→ **Work required**:
Each line from the one holding "Computer Desk Corner" to the last line below must be restated word for word, and no picture may be included.

→ **Exercise input**:
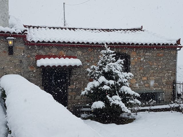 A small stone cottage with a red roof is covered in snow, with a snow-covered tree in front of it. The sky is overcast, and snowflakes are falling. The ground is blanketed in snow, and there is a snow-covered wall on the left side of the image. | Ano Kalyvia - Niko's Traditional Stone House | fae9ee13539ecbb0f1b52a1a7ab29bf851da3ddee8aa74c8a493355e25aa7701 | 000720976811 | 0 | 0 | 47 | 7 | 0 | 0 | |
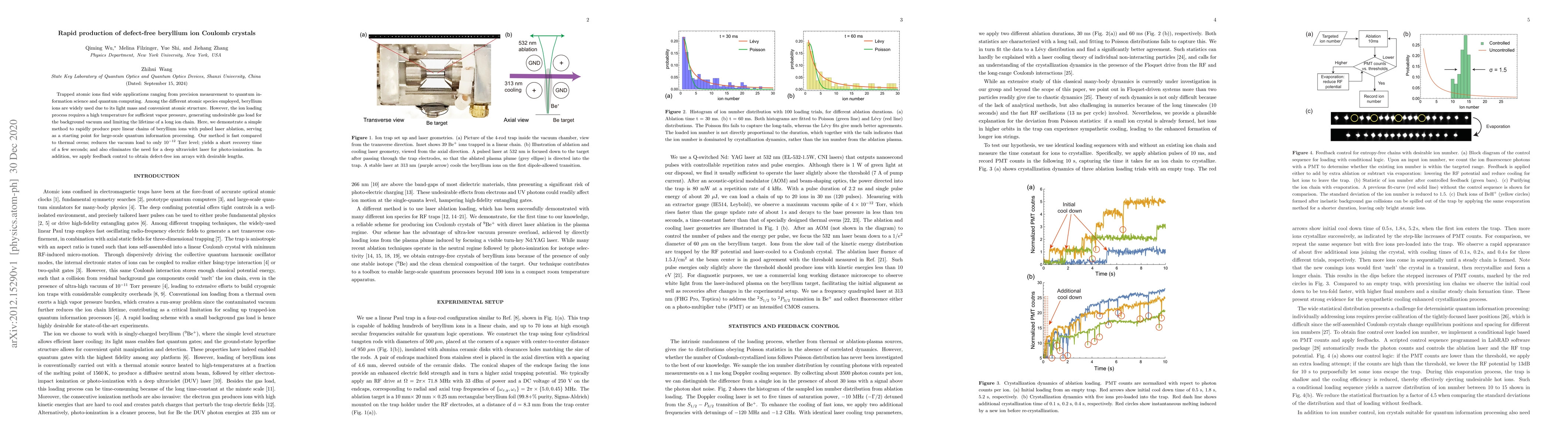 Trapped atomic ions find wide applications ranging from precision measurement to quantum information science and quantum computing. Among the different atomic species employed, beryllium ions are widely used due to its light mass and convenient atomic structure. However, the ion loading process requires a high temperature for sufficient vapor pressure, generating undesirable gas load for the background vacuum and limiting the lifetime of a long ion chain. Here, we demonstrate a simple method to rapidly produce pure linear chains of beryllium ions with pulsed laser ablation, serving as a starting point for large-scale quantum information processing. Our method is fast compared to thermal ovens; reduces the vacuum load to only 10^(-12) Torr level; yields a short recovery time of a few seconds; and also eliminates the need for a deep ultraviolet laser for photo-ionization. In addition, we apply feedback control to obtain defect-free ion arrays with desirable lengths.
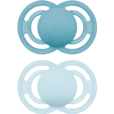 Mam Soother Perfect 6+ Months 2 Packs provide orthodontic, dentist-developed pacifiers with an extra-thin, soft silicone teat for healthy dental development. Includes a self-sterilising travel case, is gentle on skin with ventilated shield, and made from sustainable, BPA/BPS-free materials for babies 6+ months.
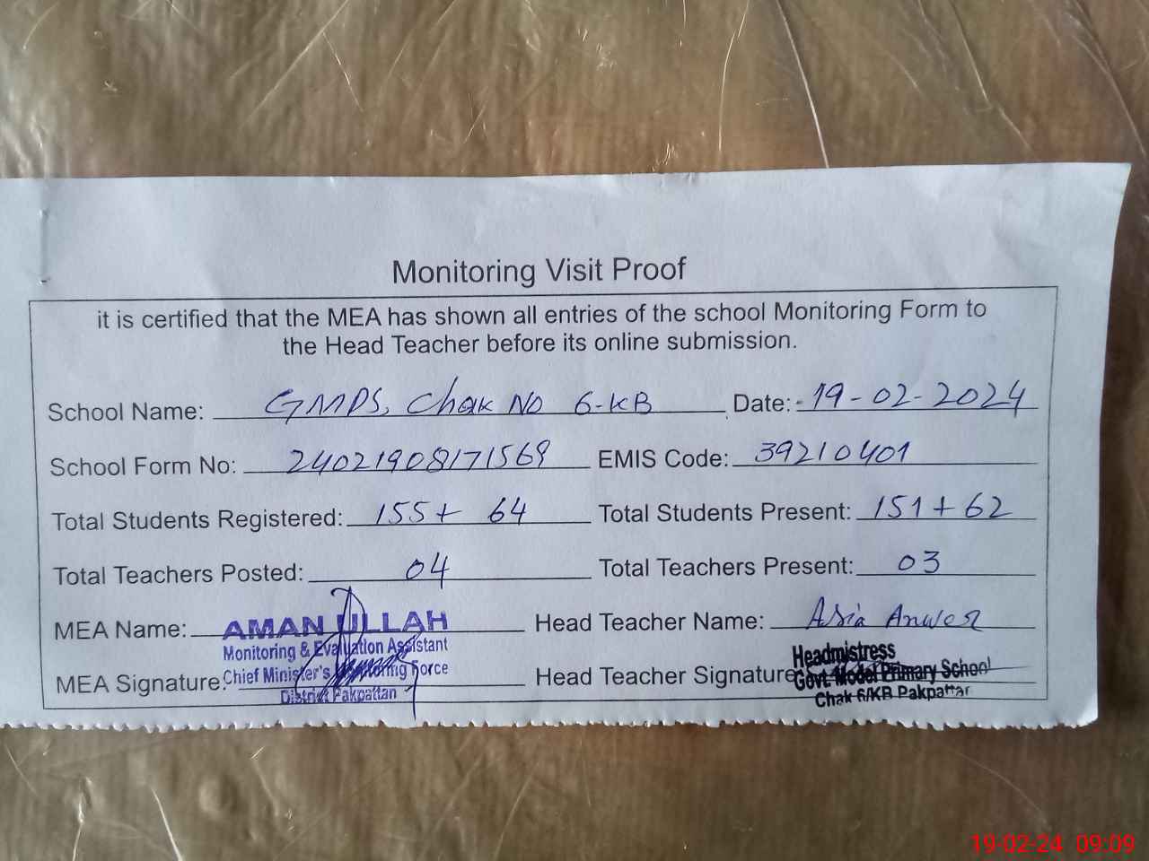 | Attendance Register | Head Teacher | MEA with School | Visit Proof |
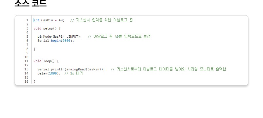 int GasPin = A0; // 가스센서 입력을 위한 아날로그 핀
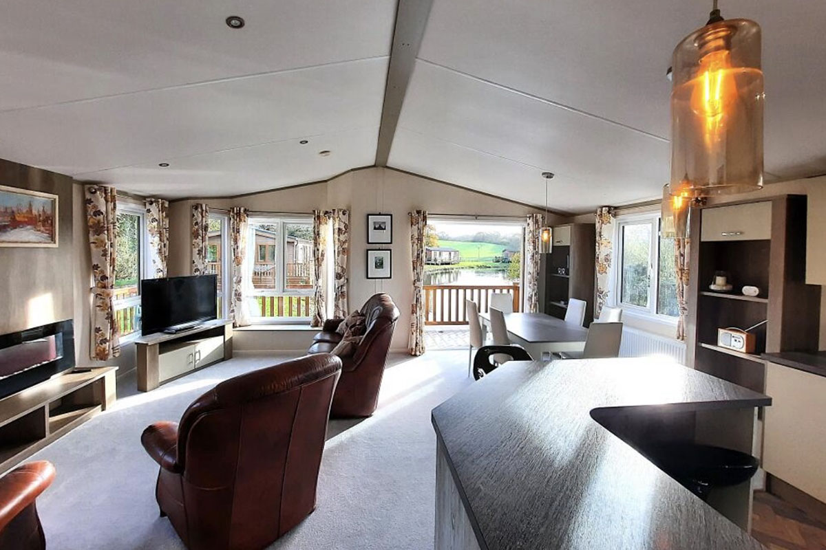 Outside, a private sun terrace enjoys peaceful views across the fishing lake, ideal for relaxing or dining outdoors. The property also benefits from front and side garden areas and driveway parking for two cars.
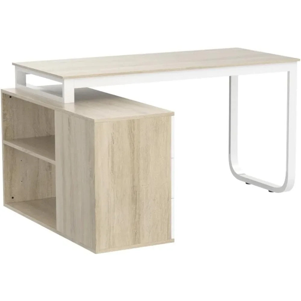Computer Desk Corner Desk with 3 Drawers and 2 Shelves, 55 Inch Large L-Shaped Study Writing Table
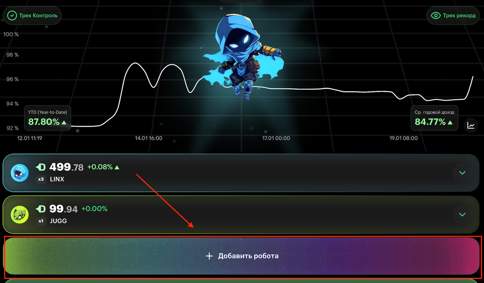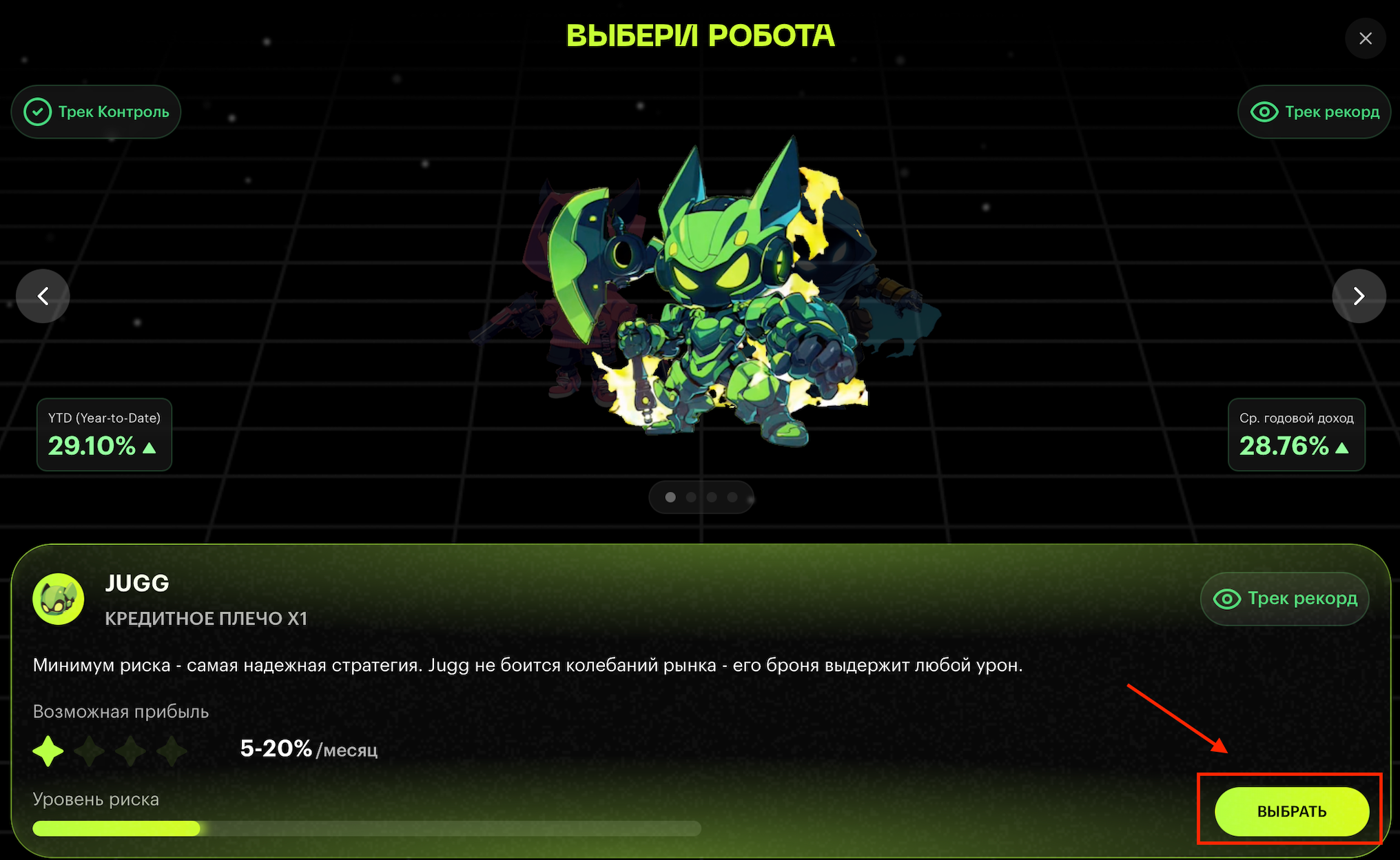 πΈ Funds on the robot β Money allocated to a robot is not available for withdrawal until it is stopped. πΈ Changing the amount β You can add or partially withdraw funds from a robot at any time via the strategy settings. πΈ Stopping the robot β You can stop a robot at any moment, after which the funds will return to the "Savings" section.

→ **Expected output**:
Computer Desk Corner Desk with 3 Drawers and 2 Shelves, 55 Inch Large L-Shaped Study Writing Table
 πΈ Funds on the robot β Money allocated to a robot is not available for withdrawal until it is stopped. πΈ Changing the amount β You can add or partially withdraw funds from a robot at any time via the strategy settings. πΈ Stopping the robot β You can stop a robot at any moment, after which the funds will return to the "Savings" section.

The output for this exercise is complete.